Na sequência, Dilma fez saber que não está preocupada com o blocão e Temer convocou os líderes do PMDB e do PT na Câmara para dizer-lhes (natural e inacreditavelmente declarando à imprensa que não conversou com Dilma sobre o assunto), também em nome da presidente eleita, que ponham um fim no “tiroteio” entre os dois partidos. Coincidentemente, o líder peemedebista Henrique Eduardo Alves e o líder petista Cândido Vaccarezza são, ambos, aspirantes à presidência da Câmara no primeiro biênio da Legislatura. Eles, de certo modo, comandavam o tiroteio.
Importante, também, tendo em conta o grande interesse que o PMDB tem na formação do blocão, as declarações de Temer minimizando a relevância do bloco e até dizendo que não existe ainda, devendo formar-se apenas no início da próxima Legislatura, em fevereiro. Temer confundiu as coisas deliberadamente, ao “esclarecer” que o blocão não tem o objetivo de envolver-se em disputas por espaços políticos na Câmara e no Executivo e que estará sempre em sintonia perfeita com o PT e a presidente Dilma Rousseff. Tem muito a ver com isso. E com a incerteza sobre a relação Dilma-PT, onde o blocão, de “centro”, poderia evitar que as coisas se ponham a desembestar.
Comovente o esforço de Temer em minimizar o que o seu PMDB quer grande. Mais complica o quadro é o presidente Lula afirmar, ontem mesmo, que vê com tranqüilidade a formação do bloco e que – olha aí a coisa – houve conversas sobre o assunto, mas elas não tiveram ainda resultado prático e não existe ainda certeza de que o bloco está sendo formado. “Não aconteceu. Parecia que ia acontecer, mas não aconteceu” e por aí foi Lula. Água gelada na fervura.
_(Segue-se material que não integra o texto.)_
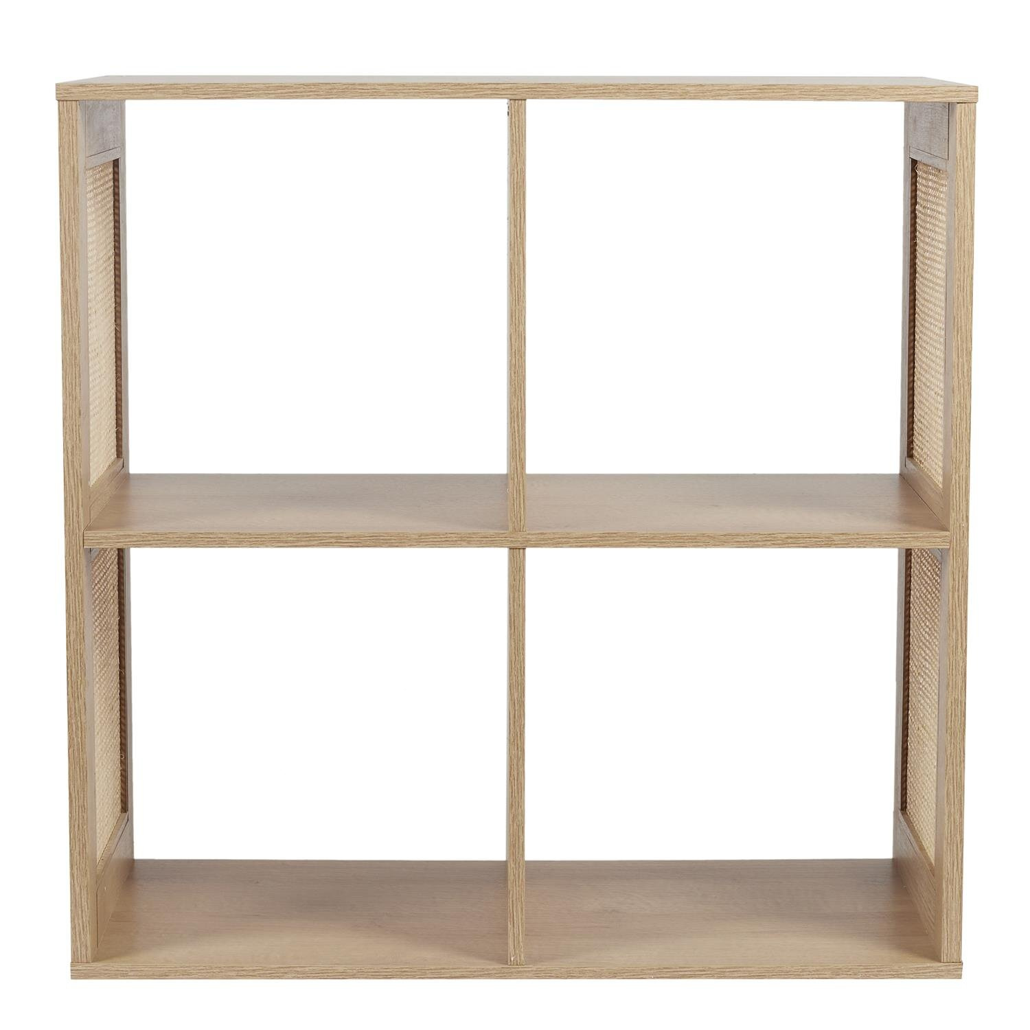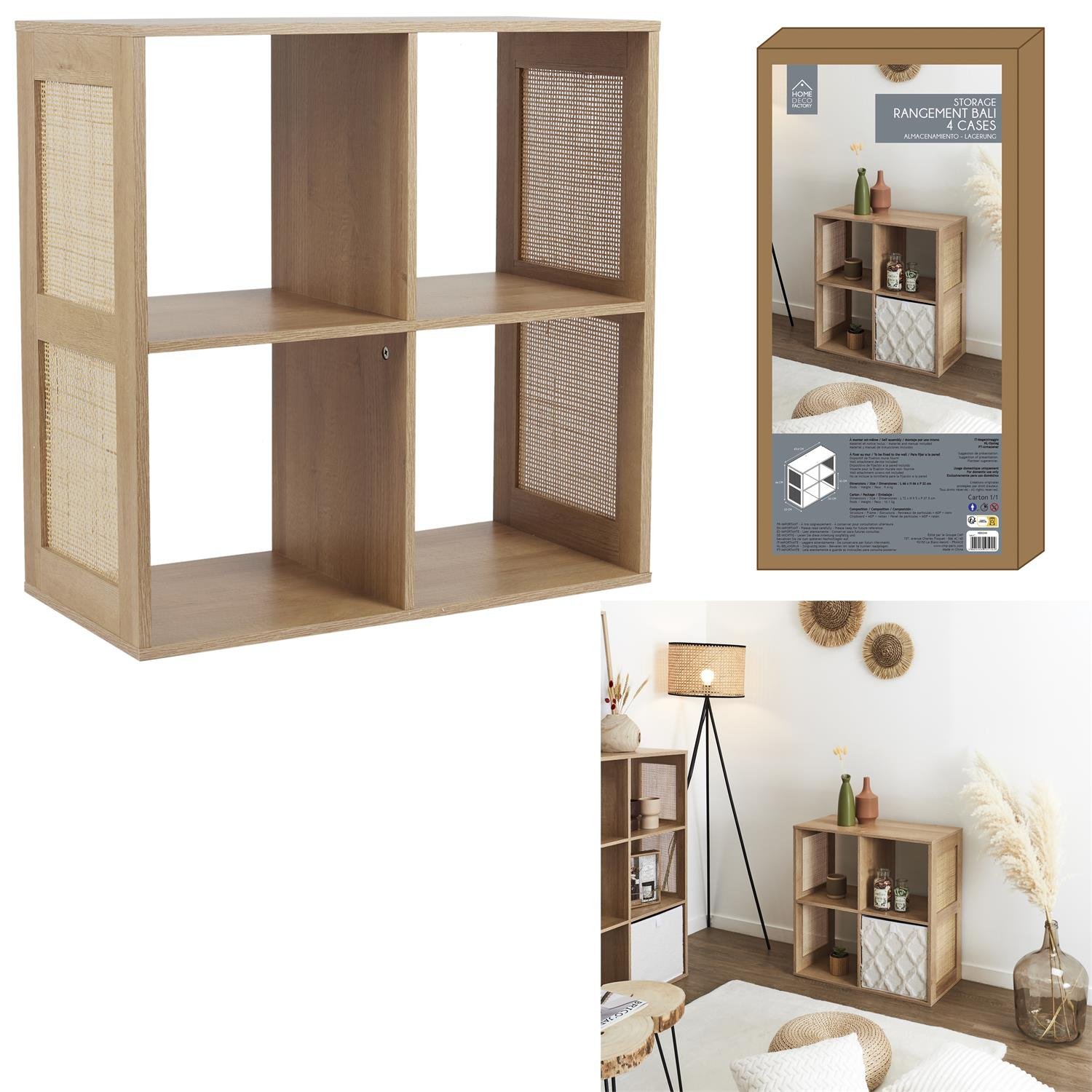 Regał Kali o rattanowym wykończeniu to idealne połączenie wytrzymałej płyty MDF w okleinie imitującej drewno oraz rattanowych, ozdobnych boków. Współgrające ze sobą materiały tworzą mebel idealny do wnętrz w naturalnym stylu czyli boho lub skandi. Regał wymaga samodzielnego montażu. Do regału kompatybilne sa pudełka o wymiarach 30x30x30cm.
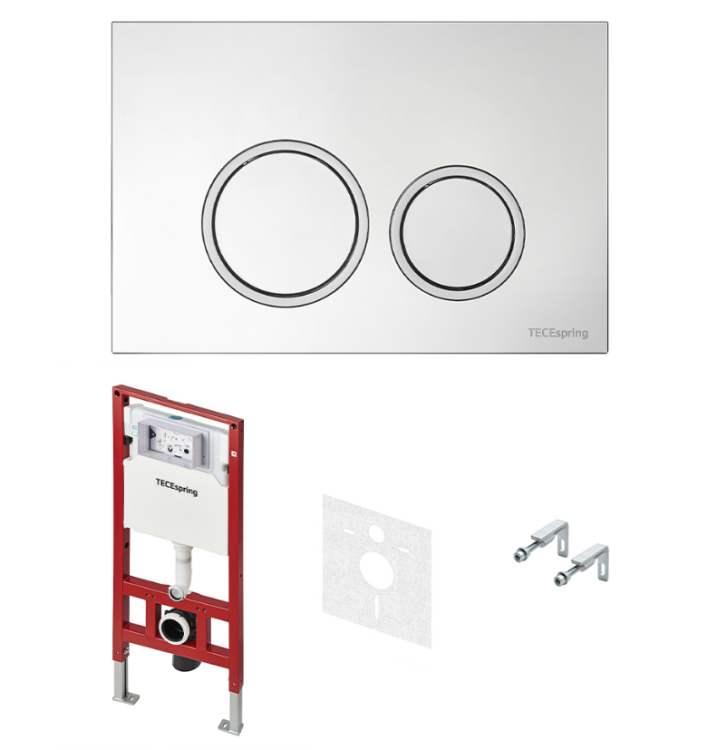 Инсталляция, TECE, TeceSpring R, для унитаза, ширина, мм-506, глубина, мм-165, высота, мм-1144, материал-сталь, тип смыва-двойной, объем смыва, л-6, клавиша смыва-есть, тип управления-механический, материал клавиши-пластик, кнопки-круглые, цвет клавиши-хром глянцевый, крепления в комплекте Инсталляция, TECE, TeceSpring R, для унитаза, шгв 506*165*1144, цвет клавиши/панели-хром глянцевый

Outro detalhe que denuncia a ação enérgica do trio Lula-Dilma-PT contra a consolidação ou ao menos pela minimização possível do megabloco é o que aconteceu com o PP. Ao anunciar a formação do bloco, o deputado Henrique Eduardo Alves, falando pelo PMDB, partido idealizador do blocão, disse que tinha o compromisso formal do PMDB, PR, PTB, PP e PSC, num total de 202 deputados numa Câmara composta por 313. E afirmou: “Este bloco não é para confrontar. É para organizar o trabalho nesta Casa e fora dela, na composição do governo”. Tudo que o governo e o PT não querem. Mas acrescentou: “”Ninguém foi mais importante do que o outro na eleição de Dilma. Apenas queremos que todos se respeitem. Daqui a pouco vão tirar o PMDB do governo”. Dá para entender, não é mesmo?
E porque o governo e o PT não querem o blocão, deram em cima do PP, para começar. Dos 202 deputados do anunciado bloco, o PP – quinto partido em tamanho na Câmara dos Deputados na próxima Legislatura – teria 41. E o PP, que conversaria novamente ainda ontem com o PMDB, passou de certeza a dúvida. Anunciado como participante compromissado (o que não se faz à toa), o PP executou um recuo depois de seu líder João Pizzolatti conversar com o ministro de Relações Institucionais, Alexandre Padilha. Se o PP não entrar no bloco, este baixará de 202 para 161 deputados. Valeria muito menos, na medida em que o PT formasse um bloco com o PSB, o PC do B, entre outros, inclusive até, quem sabe, o próprio PP.